[Xen-devel] RE: Question about Xen S3 and resume code - Linux do

To:	Konrad Rzeszutek Wilk <konrad.wilk@xxxxxxxxxx>
Subject:	[Xen-devel] RE: Question about Xen S3 and resume code - Linux dom0 never exits the xen_safe_halt hypercall after resume
From:	"Tian, Kevin" <kevin.tian@xxxxxxxxx>
Date:	Tue, 21 Jun 2011 07:22:02 +0800
Accept-language:	en-US
Acceptlanguage:	en-US
Cc:	"xen-devel@xxxxxxxxxxxxxxxxxxx" <xen-devel@xxxxxxxxxxxxxxxxxxx>, "Yu, Ke" <ke.yu@xxxxxxxxx>
Delivery-date:	Mon, 20 Jun 2011 16:22:58 -0700
Envelope-to:	www-data@xxxxxxxxxxxxxxxxxxx
In-reply-to:	<20110620123626.GA2973@xxxxxxxxxxxx>
List-help:	<mailto:xen-devel-request@lists.xensource.com?subject=help>
List-id:	Xen developer discussion <xen-devel.lists.xensource.com>
List-post:	<mailto:xen-devel@lists.xensource.com>
List-subscribe:	<http://lists.xensource.com/mailman/listinfo/xen-devel>, <mailto:xen-devel-request@lists.xensource.com?subject=subscribe>
List-unsubscribe:	<http://lists.xensource.com/mailman/listinfo/xen-devel>, <mailto:xen-devel-request@lists.xensource.com?subject=unsubscribe>
References:	<20110616225739.GA8714@xxxxxxxxxxxx> <625BA99ED14B2D499DC4E29D8138F1505D2C2DD530@xxxxxxxxxxxxxxxxxxxxxxxxxxxx> <20110620123626.GA2973@xxxxxxxxxxxx>
Sender:	xen-devel-bounces@xxxxxxxxxxxxxxxxxxx
Thread-index:	AcwvRrPeZu/fR35lSwiQr2MjXXEXmAAVicyw
Thread-topic:	Question about Xen S3 and resume code - Linux dom0 never exits the xen_safe_halt hypercall after resume

> From: Konrad Rzeszutek Wilk [mailto:konrad.wilk@xxxxxxxxxx]
> Sent: Monday, June 20, 2011 8:36 PM
> 
> > ideally ACPI S3/S5 has nothing to do with ACPI processor driver which is for
> Cx/Px.
> 
> Right..
> >
> > >
> > > (which is in the devel/acpi-s3.v0 branch).
> > >
> > > the hypervisor, after an S3 resume sits forever in the default_idle. The
> > > Linux dom0 is stuck looping (I think) around SCHEDOP_block hypercall.
> > >
> > > http://darnok.org/xen/devel.acpi-s3.v1.serial.log
> > >
> > > If that patch above is present and I've cpufreq=xen on the Xen
> > > hypervisor then Linux kernel gets unstuck and returns to userspace:
> > >
> > > http://darnok.org/xen/devel.acpi-s3.v0.serial.log
> >
> > Compare your logs, the major difference is:
> >
> > [  168.754739] calling  i2c-8+ @ 3096
> > [  168.758200] call i2c-8+ returned 0 after 0 usecs
> > <<< 1st case stuck here
> > [  168.762882] calling  card0-VGA-1+ @ 3096
> > [  168.766867] call card0-VGA-1+ returned 0 after 0 usecs
> > [  168.772085] calling  ttm+ @ 3096
> > [  168.775360] call ttm+ returned 0 after 0 usecs
> > [  168.779870] PM: resume of devices complete after 13117.603 msecs
> > [  168.786006] PM: Finishing wakeup.
> > <<<2nd case forward progress
> >
> > It looks that VGA card resume has some problem on resume, which then
> 
> In both cases - with the patch and without..

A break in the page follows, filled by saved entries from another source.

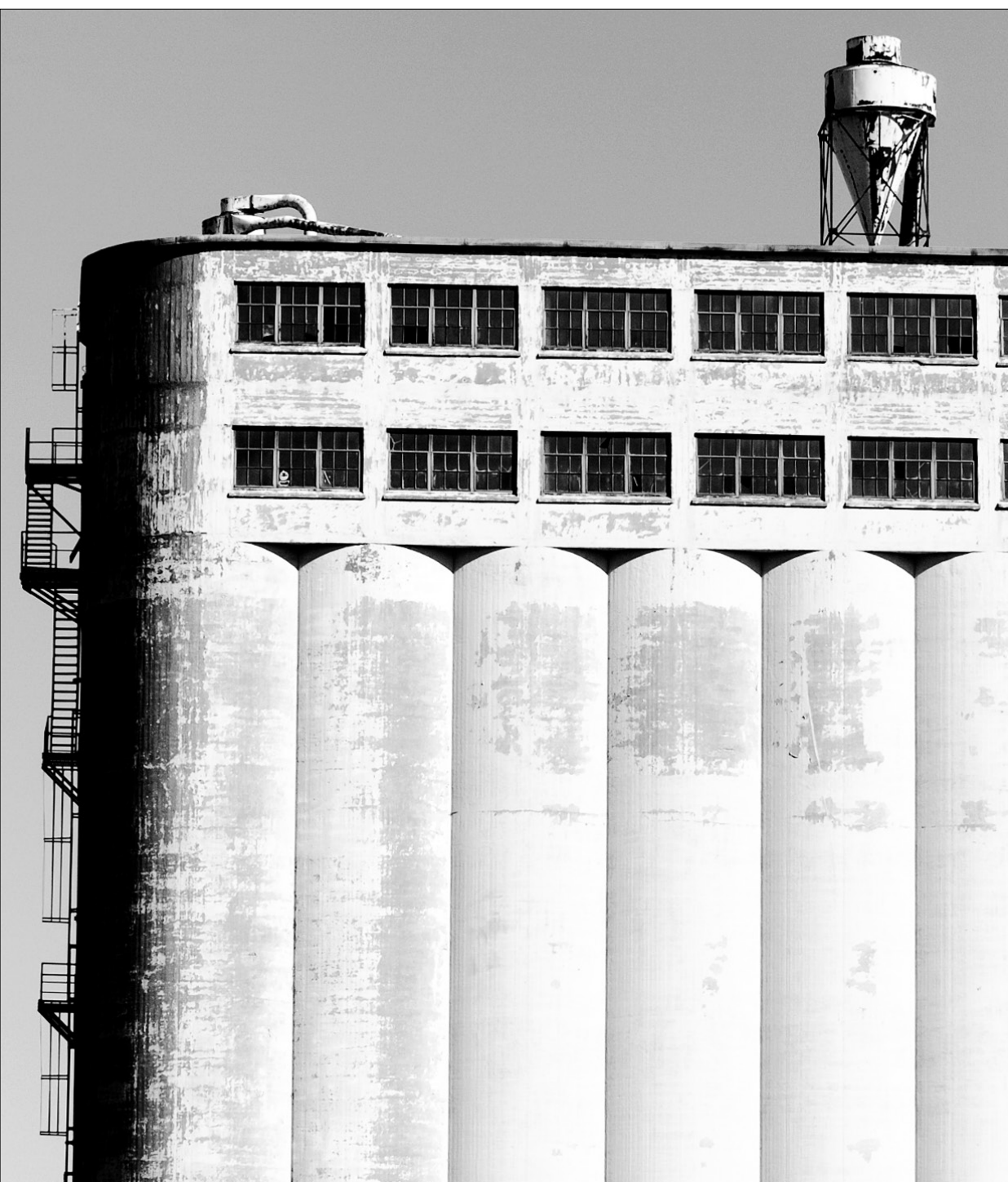
Le silo n°5.
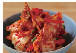
白菜キムチ 〔単品時価格 380円〕
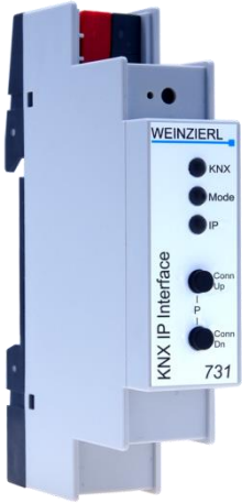
Foto des Geräts

Kompakte busversorgte Schnittstelle zwischen LAN/Ethernet und KNX-Bus
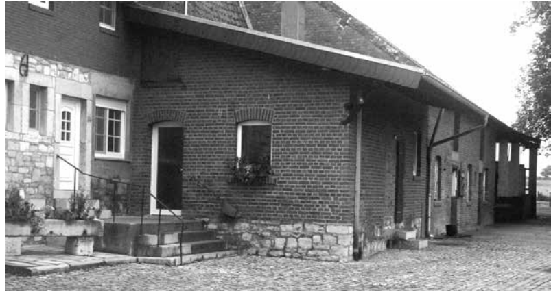
Hier befand sich einst die Rampe zum Abladen der Milchkannen

Bekanntmachung: Durch einstimmigen Beschluss der Generalversammlung obiger Molkereigenossenschaft vom 17. Juni wurde die Genossenschaft aufgelöst. Sämtliche Gläubiger
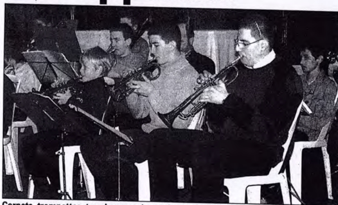
Cornets, trompettes, trombones, tubas et bugles composent l'ensemble «Persemar» qui rassemble des élèves de tout âge
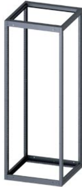
SIVACON, каркас, для стандартного неукomплектованного корпуса, В: 2200 мм, Ш: 800 мм, Г: 800 мм, RAL 7035
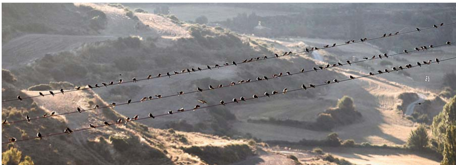
Unos 120 aviones comunes, aves muy similares a las golondrinas, descansan en tres cables del tendido eléctrico de Ujué, en una imagen tomada hace unos días.

Bandas de aviones comunes, aves muy similares a las golondrinas, descansan estos días en Ujué, en su periplo hacia tierras de África, donde pasan el invierno. La silueta medieval del municipio, casas con historia, convencen a las migrantes
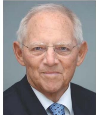
Dr. Wolfgang Schäuble Präsident des Deutschen Bundestages, CDU/CSU
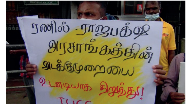
சுருட்டிக்கொள், பாராளுமன்றத்தை உடனே நிறுத்து, “புதிய மக்கள் ஆணைக்கு இடமளி” போன்ற பதாகைகளை ஏந்தியவண்ணம், கோஷங்களை எழுப்பியவாறு குறித்த போராட்டம் முன்னெடுக்கப்பட்டது. பாராளுமன்றத்தை களைத்து புதிய மக்கள் கருத்துக்கு இடமளிக்க வேண்டும். அத்தோடு, கைதுகளையும், அநீதியான ஆட்கடத்தல்களையும்

நிறுத்த வேண்டும் என போராட்டக்காரர்கள் வலியுறுத்தியதுடன், அவ்வாறு இல்லா விட்டால் போராட்டம் தொடரும் எனவும் குறைத்தனர். அத்துடன், கொழும்பு காலிமுக்கத்தி டல் போராட்டங்களத்தில் இடம்பெறும் போராட்டத்துக்கு தமது முழு ஆதரவையும், மலையக மக்கள் சார்பில் வெளிப்படுத்தினர்.
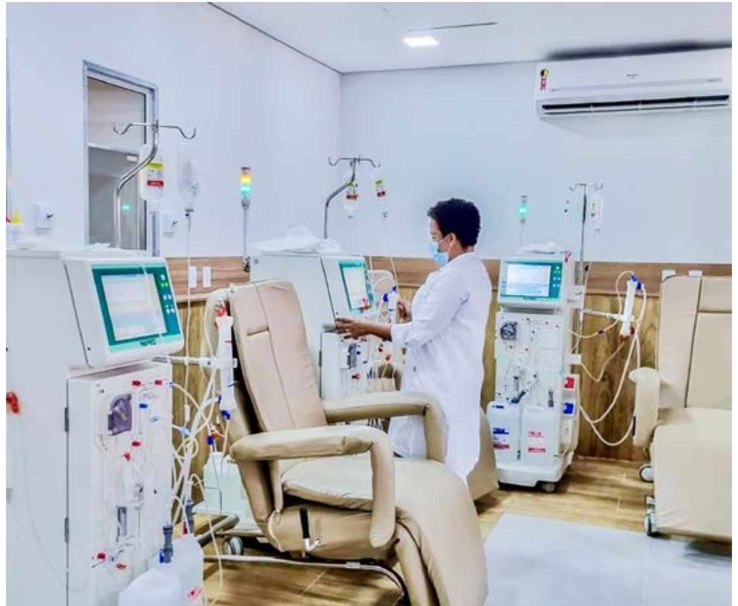
Estrutura da Santa Casa de Cruzeiro, reforçada com aporte liberado pelo Governo Federal nesta semana; proposta é qualificar atendimento regional

that's expected since device suspend is always invoked in the S3 path.

> 
> > makes dom0 stay in idle loop and thus block hypercall, and then due to
> > no runnable vcpu so Xen most time in idle_loop too. In earlier log there're
> > some stack trace in i915 driver. Perhaps you can try a different machine
> 
> Or remove the i915 just to eliminate that.

So any result there? :-)

> > or try native S3 on same box to make sure it's not mixed with native issues.
> >
> > >
> > > (however, if I set cpuidle=0 cpufreq=none on the hypervisor line and
> > > have the 9f301b0a0081676dfc71b7f0898295e6bcba391a patch it still
> > > gets stuck).
> > >
> > > I figured that the primary reason the guest is allowed to
> > > exit is SCHEDOP_block loop is b/c the pm_idle call is set to the
> > > acp_processor_idle which does "something" extra after the machine comes
> > > out of a S3 suspend.
> >
> > If that's the case I think you should disable CONFIG_ACPI_PROCESSOR in
> dom0
> > before incorporating Xen specific version (the patch you tried). We don't 
> > want
> > dom0 to play with Cx directly b/c it's the responsibility of Xen.
> 
> Huh? You misunderstood me. The 'acpi_processor_idle' is the hypervisor's
> idle loop. It can be running inside of that one, or the 'default_idle' loop. 
> Hence

running inside which one? I'd think only default_idle invokes it when current 
cpu
is actually idle.

> my question why would that specific hypervisor idle loop make dom0 run nicely
> while the default one would not.

this is counterintuitive to me honestly speaking. I'd more think that 
acpi_processor_idle may cause some issue than pure "sti;hlt" because acpi
version has more logic to handle. In earlier day when it's still in 
stabilization
phase, we did observe some non-exit case from deep Cstate but this never
happens on pure hlt.

IOW, I don't take this idle path as a necessary step to make S3 resume working,
which is simply related when the cpu has nothing to do... 

> 
> In dom0, irregardless of the patches, the 'default_idle' is run which makes 
> the
> xen_safe_halt paravirt call.

OK, that matches my expectation then.

> 
> >
> > Of course we still need figure out why same issues occur with cpuidle=0/
> > cpufreq=none, which however can be revisited after the basic S3 works. :-)
> 
> Right. The end result of those parameters is that the 'default_idle' in the
> hypervisor is choosen instead of the 'acpi_processor_idle' one.
> >
> > >
> > > Any ideas?
> >
> > No other ideas for now. From historical view Xen S3 was supported before
> 
> Hmm, I am actually tempted to start commenting out code in the
> acpi_processor_idle
> and seeing what will cause it to have the same failure as 'default_idle'.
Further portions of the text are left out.